= HOW TO COMPLETE THIS TASK =
The listing below should be reproduced precisely, except for its images.

= INPUT DATA =

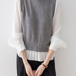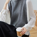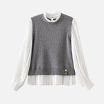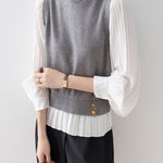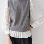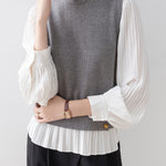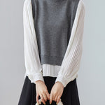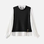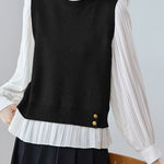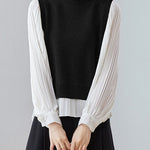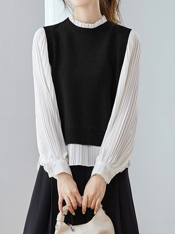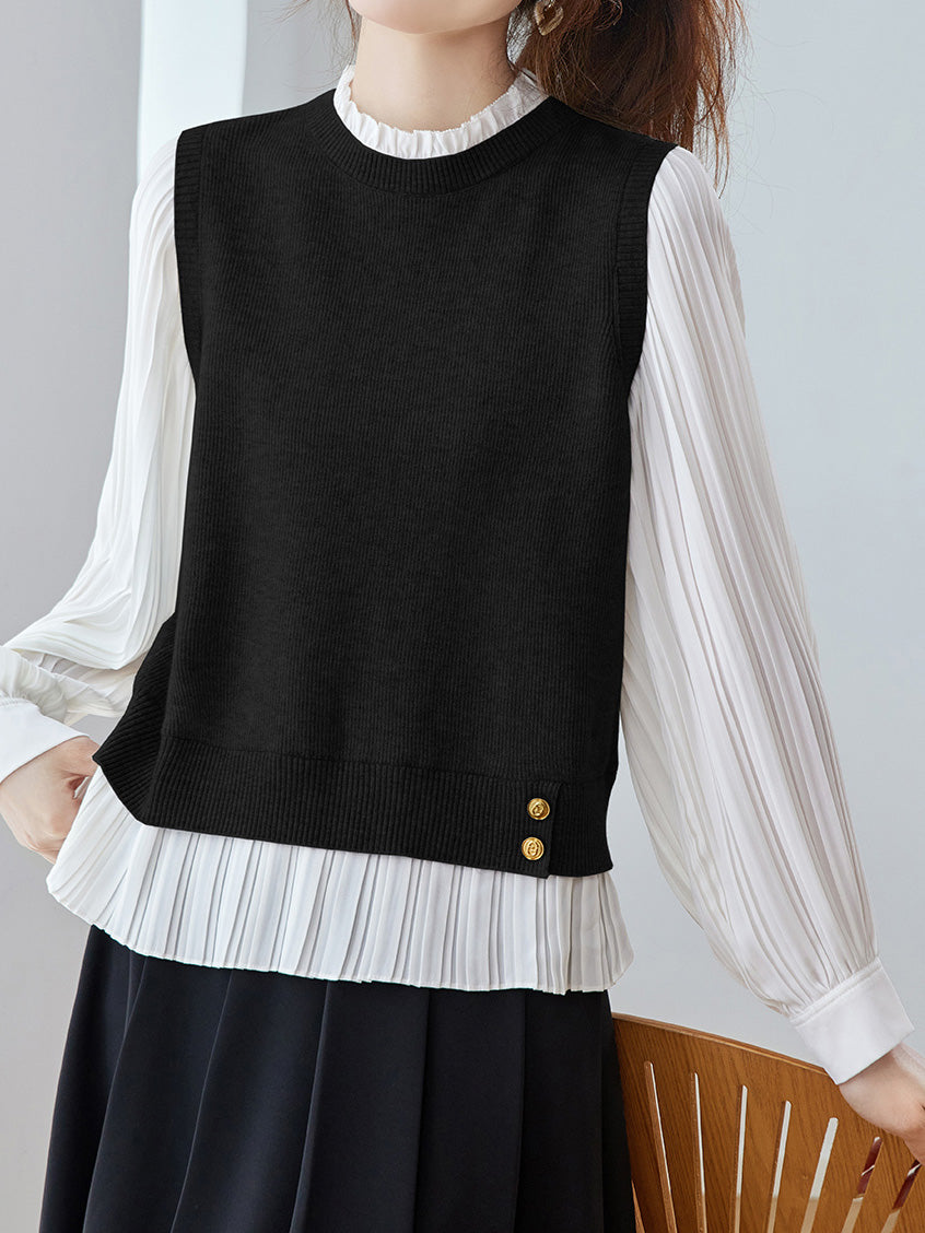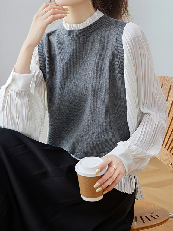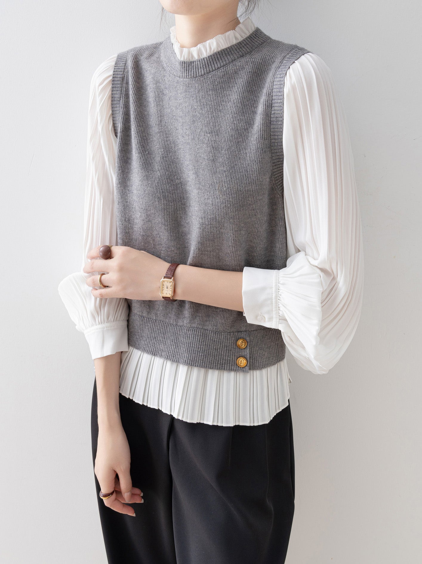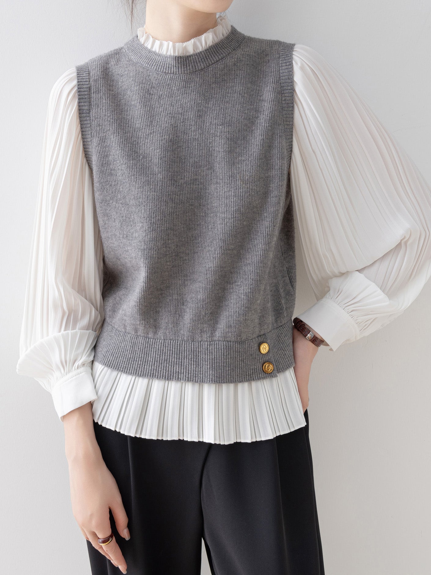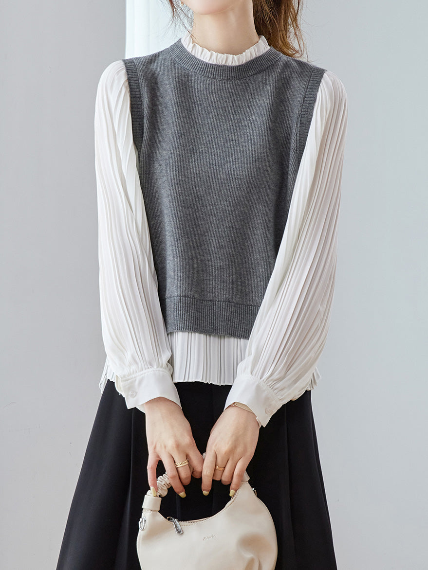 This is a docking item that looks like a knit vest and pleated blouse layered together.
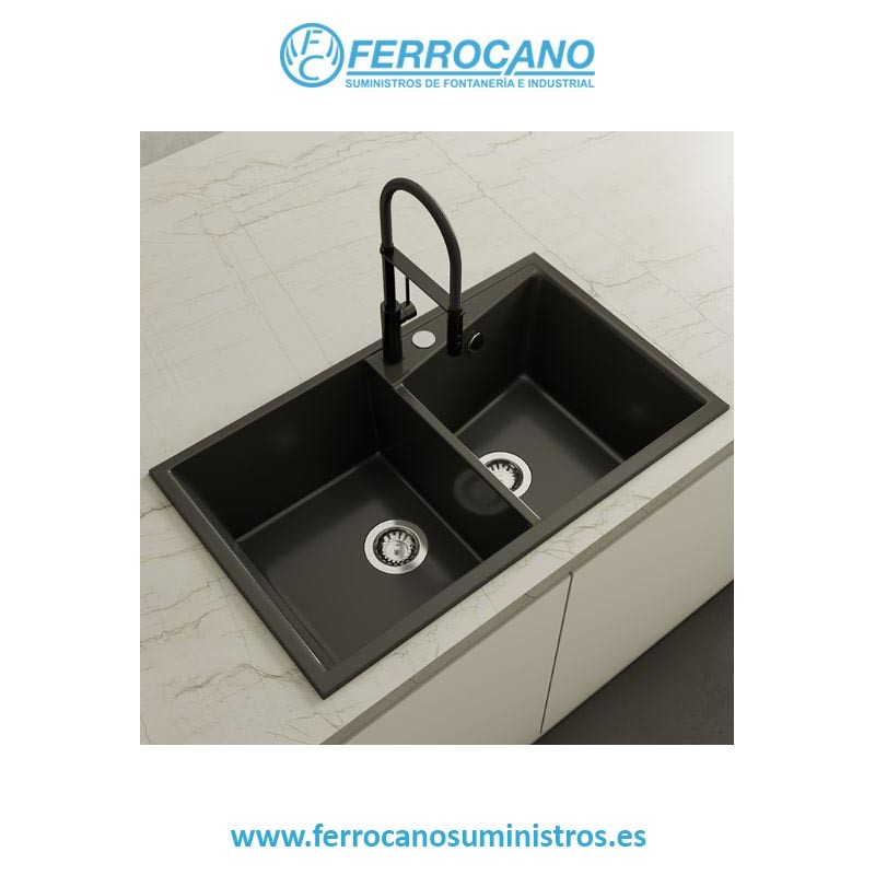 Descubre el fregadero de resina Roc Stone con acabado brillante, diseñado para aportar elegancia y un toque urbano a las cocinas más modernas. Su doble seno y su instalación sobre encimera lo convierten en una opción práctica y estilizada, ideal para espacios de estilo industrial y minimalista.
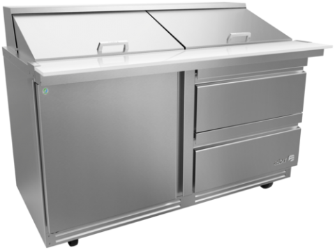 Premium Mega-Top Prep Table, 60-3/8"W x 36-1/8"D x 44-5/8"H, (2) stainless steel drawers, 20.6 cu. ft. capacity, 24 pans, 115V/60Hz, 1/4 HP, 2.5A, R290 hydrocarbon refrigerant, electronic controller, temperature range 32°F to 41°F, ambient up to 100°F/65% RH, Ecomate™ insulation, exclusive high-capacity base design, full stainless-steel exterior & interior, insulated lid, unique bottom air panel, fixed top/drawer pan dividers, high-strength slides, full-length recessed handles, magnetic one-piece door gaskets, 5" casters (front with brakes), NSF-7, ETL, DOE compliant, Made in North America.
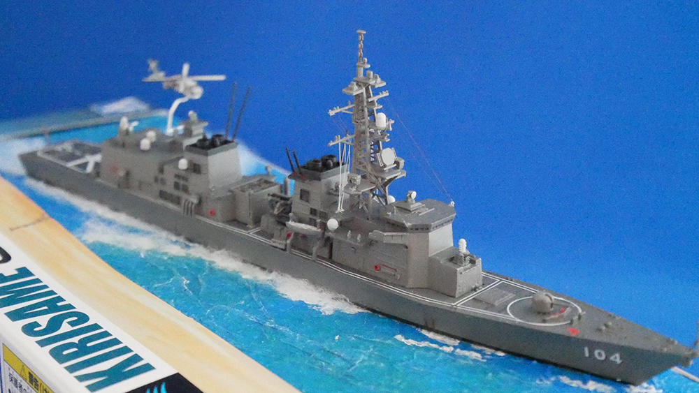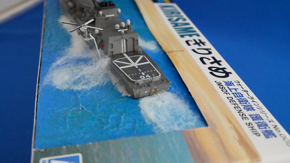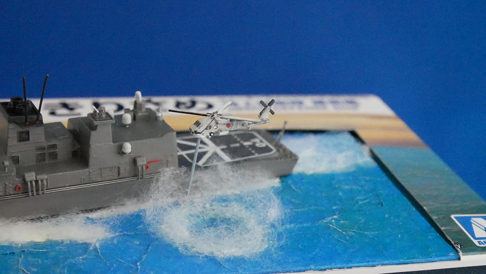 今回はディティールアップとジオラマの波の表現に挑戦し、護衛艦から哨戒ヘリが飛び立ったシーンを作りました。
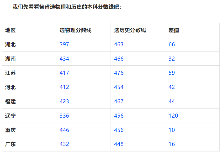 我们再来看看和湖北一样,今年实行新高考一些省份的物理、历史本科分数线,可以看到历史类均高于物理类,最夸张的是辽宁,差值达到了120分。
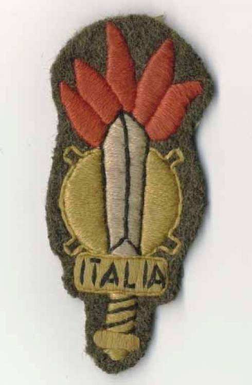 Brevetto da braccio in stoffa dei Guastatori del Genio della Repubblica Sociale Italiana. Il fregio era uguale per tutti i gradi ed è composto da un gladio romano bianco sovrapposto ad una bomba sferica, con cinque lingue di fuoco rosse. Sulla guardia del gladio c´è la scritta ´ITALIA´ (o ´ONORE´). I Guastatori del Genio erano inquadrati in tre battaglioni.
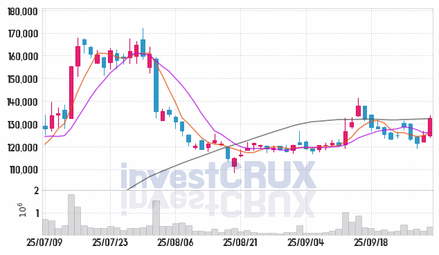 시가 : 124,700원, 고가 : 134,000원, 저가 : 124,000원
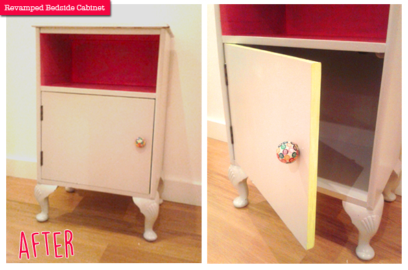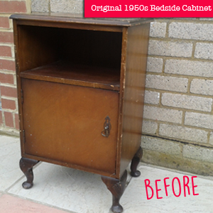 Here is another one of my parent’s neighbour’s treasures that my mum was going to give to the charity shop. But I recognised the feet – this was an authentic bedside cabinet from the 1950s! ‘STOP MUM!’ I said. I made her keep it in the garage until I was ready to give it a makeover.
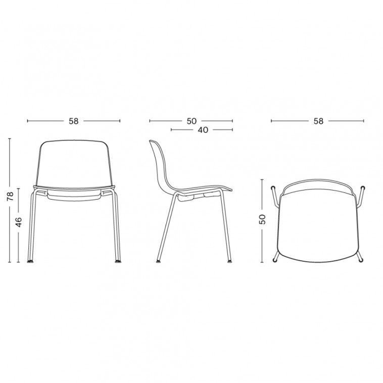 Diseñada teniendo en cuenta la funcionalidad y la versatilidad, las cuatro patas se sitúan bajo el asiento en un ángulo redondeado para enmarcar la carcasa orgánica y vertical, que ofrece una comodidad y una apilabilidad óptimas.

= WRITTEN SOLUTION =
 This is a docking item that looks like a knit vest and pleated blouse layered together.
 Descubre el fregadero de resina Roc Stone con acabado brillante, diseñado para aportar elegancia y un toque urbano a las cocinas más modernas. Su doble seno y su instalación sobre encimera lo convierten en una opción práctica y estilizada, ideal para espacios de estilo industrial y minimalista.
 Premium Mega-Top Prep Table, 60-3/8"W x 36-1/8"D x 44-5/8"H, (2) stainless steel drawers, 20.6 cu. ft. capacity, 24 pans, 115V/60Hz, 1/4 HP, 2.5A, R290 hydrocarbon refrigerant, electronic controller, temperature range 32°F to 41°F, ambient up to 100°F/65% RH, Ecomate™ insulation, exclusive high-capacity base design, full stainless-steel exterior & interior, insulated lid, unique bottom air panel, fixed top/drawer pan dividers, high-strength slides, full-length recessed handles, magnetic one-piece door gaskets, 5" casters (front with brakes), NSF-7, ETL, DOE compliant, Made in North America.
 今回はディティールアップとジオラマの波の表現に挑戦し、護衛艦から哨戒ヘリが飛び立ったシーンを作りました。
 我们再来看看和湖北一样,今年实行新高考一些省份的物理、历史本科分数线,可以看到历史类均高于物理类,最夸张的是辽宁,差值达到了120分。
 Brevetto da braccio in stoffa dei Guastatori del Genio della Repubblica Sociale Italiana. Il fregio era uguale per tutti i gradi ed è composto da un gladio romano bianco sovrapposto ad una bomba sferica, con cinque lingue di fuoco rosse. Sulla guardia del gladio c´è la scritta ´ITALIA´ (o ´ONORE´). I Guastatori del Genio erano inquadrati in tre battaglioni.
 시가 : 124,700원, 고가 : 134,000원, 저가 : 124,000원
 Here is another one of my parent’s neighbour’s treasures that my mum was going to give to the charity shop. But I recognised the feet – this was an authentic bedside cabinet from the 1950s! ‘STOP MUM!’ I said. I made her keep it in the garage until I was ready to give it a makeover.
 Diseñada teniendo en cuenta la funcionalidad y la versatilidad, las cuatro patas se sitúan bajo el asiento en un ángulo redondeado para enmarcar la carcasa orgánica y vertical, que ofrece una comodidad y una apilabilidad óptimas.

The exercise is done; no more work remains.